Eoin O'Connor
- Born: 21 July 2000 (age 25) Waterford, Ireland
- Height: 2.01 m (6 ft 7 in)
- Weight: 108 kg (17.0 st; 238 lb)
- School: Gaelcholáiste Phort Láirge

Rugby union career
- Position(s): Lock

Amateur team(s)
- Years: Team / Apps / (Points)
- 20??–2019: Waterpark /  / ()
- 2019–2023: Young Munster /  / ()

Senior career
- Years: Team / Apps / (Points)
- 2021–2023: Munster / 4 / (0)
- 2023–: Exeter Chiefs / 0 / (0)
- Correct as of 29 October 2022

= Eoin O'Connor =

Irish rugby union player

Eoin O'Connor (born 21 July 2000) is an Irish rugby union player who plays as a lock for Premiership Rugby club Exeter Chiefs.

==Early life==
A native of Waterford, O'Connor joined local club Waterpark and represented the team in the 2018–19 Munster Junior League season whilst a sixth-year student.

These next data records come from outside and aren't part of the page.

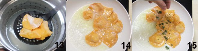 Escalda los raviolis en agua hirviendo con sal, escúrrelos y pásalos a una sartén donde habrás derretido una nuez de mantequilla (13-14). Completa espolvoreándolos con las hierbas aromáticas picadas y una pizca de pimienta negra y sírvelos calientes 15.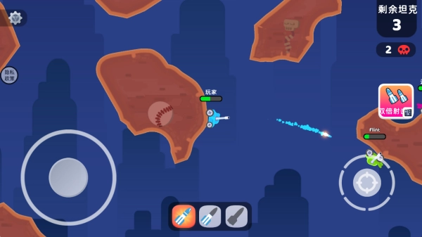 1. 左手的虚拟摇杆负责操控坦克的移动方向,右手的按钮则对应射击、跳跃与技能释放功能,通过简单的操作组合就能施展出连贯的组合技。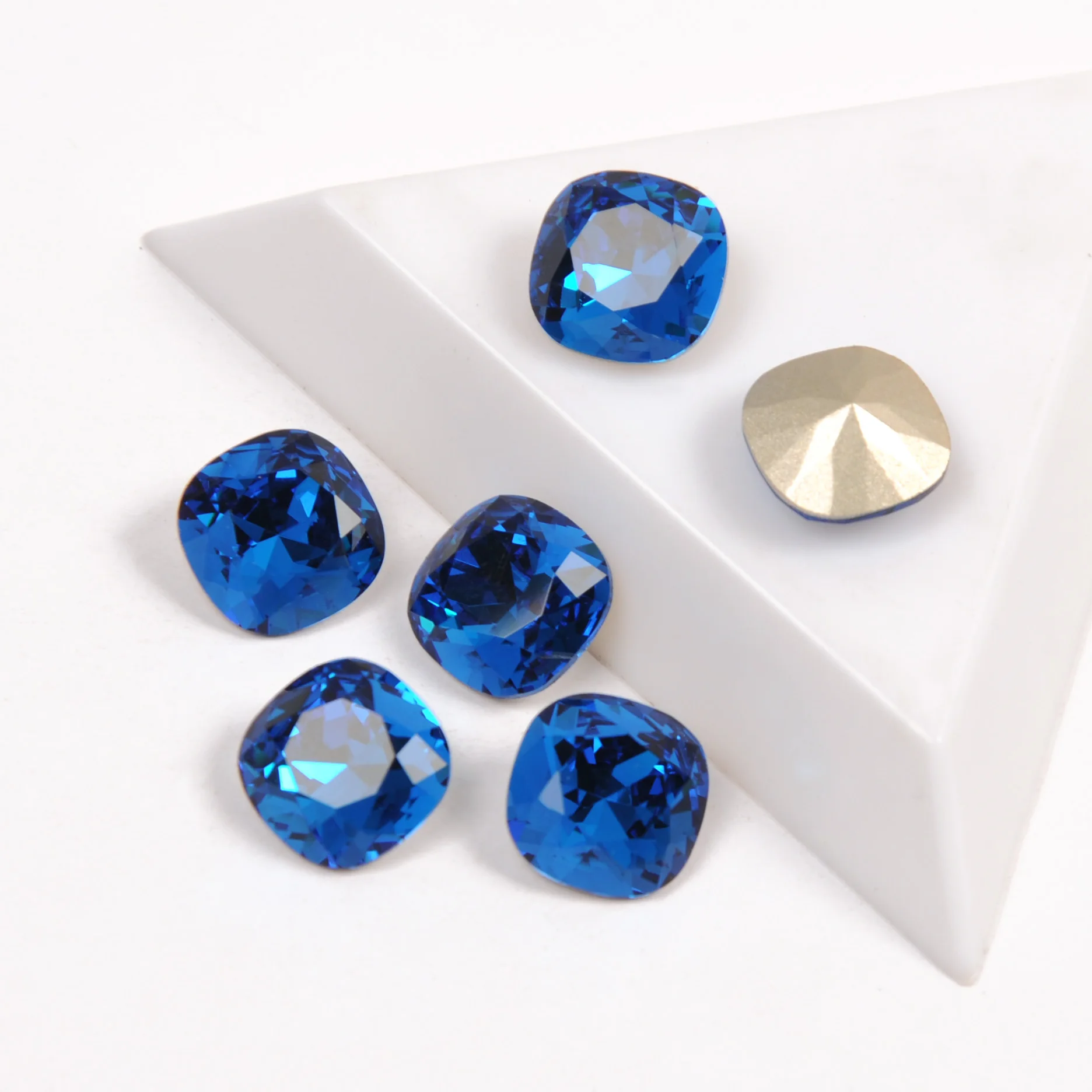 style: K9 crystal 4470 Cushion cut Shape Color: Capri Blue Claw : Silver or gold color Size :8mm,10mm,12mm,18mm Packing: 8mm-21pc,10mm-15pc,12mm-12pc,18mm-4pc Material: K9 Crystal Glass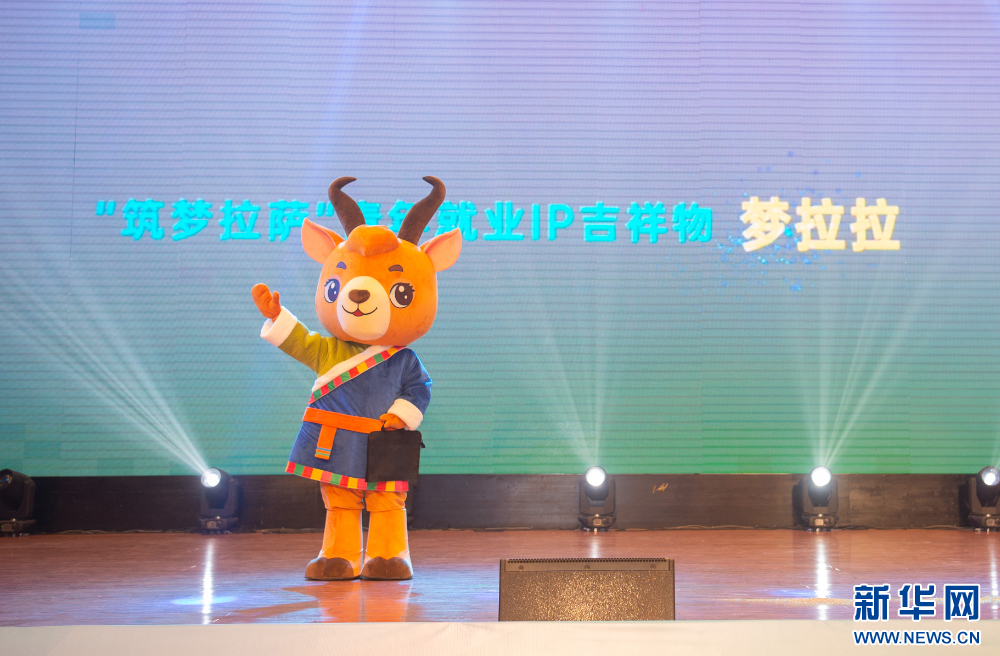 4月27日,活動(dòng)現(xiàn)場(chǎng)公布“筑夢(mèng)拉薩”青年就業(yè)IP吉祥物“夢(mèng)拉拉”。新華網(wǎng) 旦增努布 攝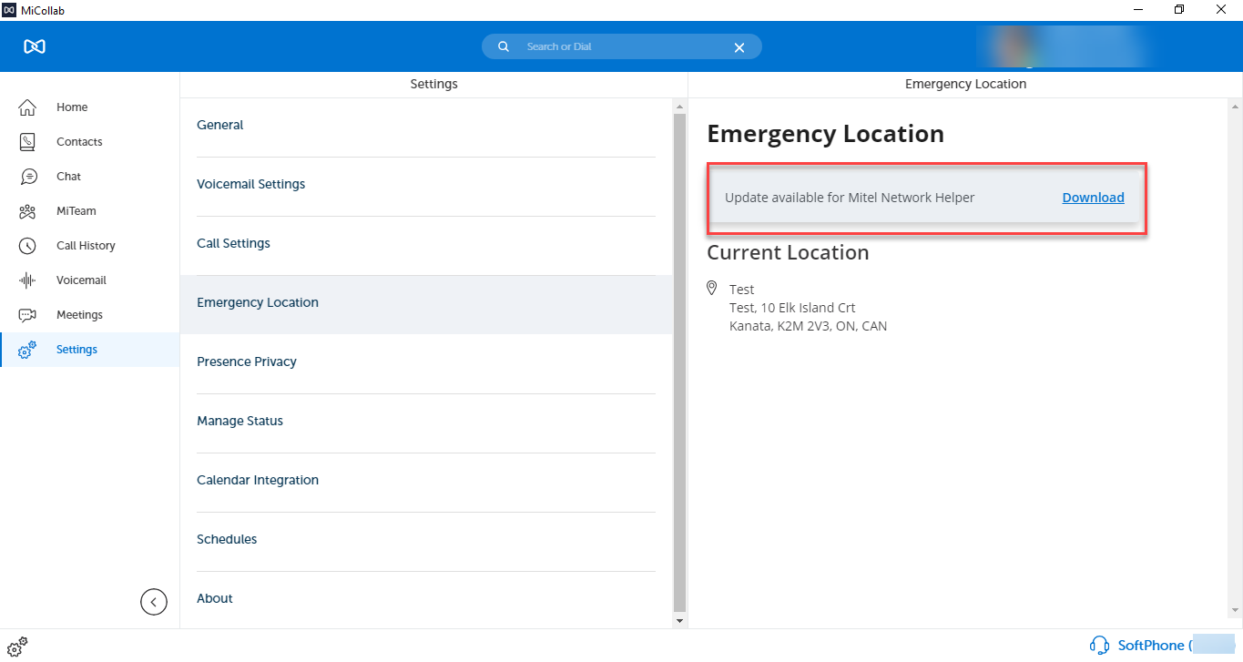 Wenn der Mitel Network Helper auf die nächste Version aktualisiert wird, sehen Sie im Fenster Notfallort die Option zum Aktualisieren der Version von Network Helper. Klicken Sie auf Herunterladen, um die in Ihrem System installierte Version von Mitel Network Helper zu aktualisieren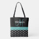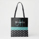 Black White Teal Green Monogram Script Polka Dots Tote Bag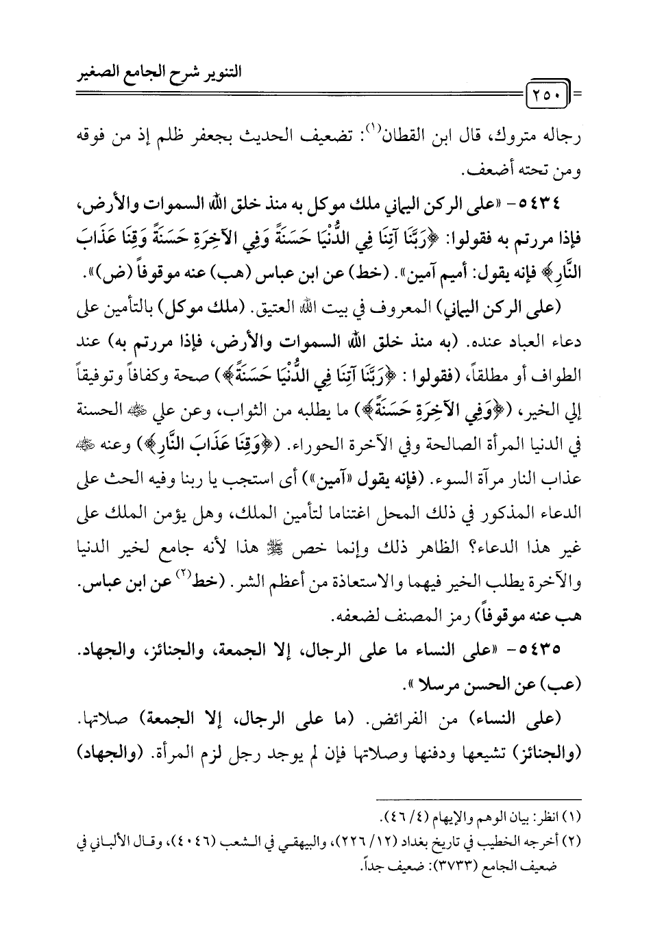 رجاله متروك، قال ابن القطان (¬1): تضعيف الحديث بجعفر ظلم إذ من فوقه ومن تحته أضعف. 5434 - "على الركن اليماني ملك موكل به منذ خلق الله السماوات والأرض، فإذا مررتم به فقولوا: {رَبَّنَا آتِنَا فِي الدُّنْيَا حَسَنَةً وَفِي الْآخِرَةِ حَسَنَةً وَقِنَا عَذَابَ النَّارِ} فإنه يقول: أميم آمين". (خط) عن ابن عباس (هب) عنه موقوفاً (ض) ".

Ahead of the 2019–20 season, O'Connor joined Limerick All-Ireland League club Young Munster.

==Playing career==
===Munster===
Having previously represented Munster at under-18 and under-19 level, O'Connor made his Munster A debut in their challenge match against provincial rivals Leinster A in January 2019, scoring a try in Munster's 26–22 win. He joined the Munster academy ahead of the 2019–20 season. Following the disruption caused by the province's recent tour to South Africa, O'Connor made his senior competitive debut for Munster in their opening 2021–22 Champions Cup fixture away to English club Wasps on 12 December 2021, starting in the province's 35–14 win.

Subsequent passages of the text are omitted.